What makes raising a boy special to me?

When I look out on the world, I see that there’s so much pushing and pulling, with the young males in our communities. Some not knowing where to go, some being pulled back into places they are unable to control and some thriving, yet they are not recognised. It does fill my heart with so much compassion, when I see what they have to go through. There are young men, who do not have anyone to turn to and young kids being stripped of their innocence and it’s so sad, to know that this world may not always be the best it can be.

So when I look at my son, I am always swept away and I am consumed with so many emotions. From the moment, I knew he was growing inside of me, I knew that I had to do everything in my power to keep him safe and now that he is here, all I think about; is keeping him as safe, as happy, as loved and as cared for, as I possibly can, without taking away his independency and personality. That’s all we want right, to keep our kids safe, to show them the right way of life, without taking away who they are?
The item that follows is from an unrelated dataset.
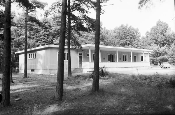 Exteriörbild av Oskarströms barnkoloni i Vilshärad med omgivande skog. Längs fasaden sträcker sig ett skärmtak på pelare mot staketet. Till höger står en bil parkerad.

I know that I am not able, to be by his side each and every moment, but in my presence; he is my priority, he is my main focus, because he is my world and the life I never knew I needed. I know that when I am with him, the advice and the way I speak to him should be constructive and not degrading. Whether we realise it or not, what we speak into our children's lives will affect how they grow mentally.

Think about a time when you were young and an adult put you down. It is not a nice feeling is it? So we need to be the ones to break that generational difference.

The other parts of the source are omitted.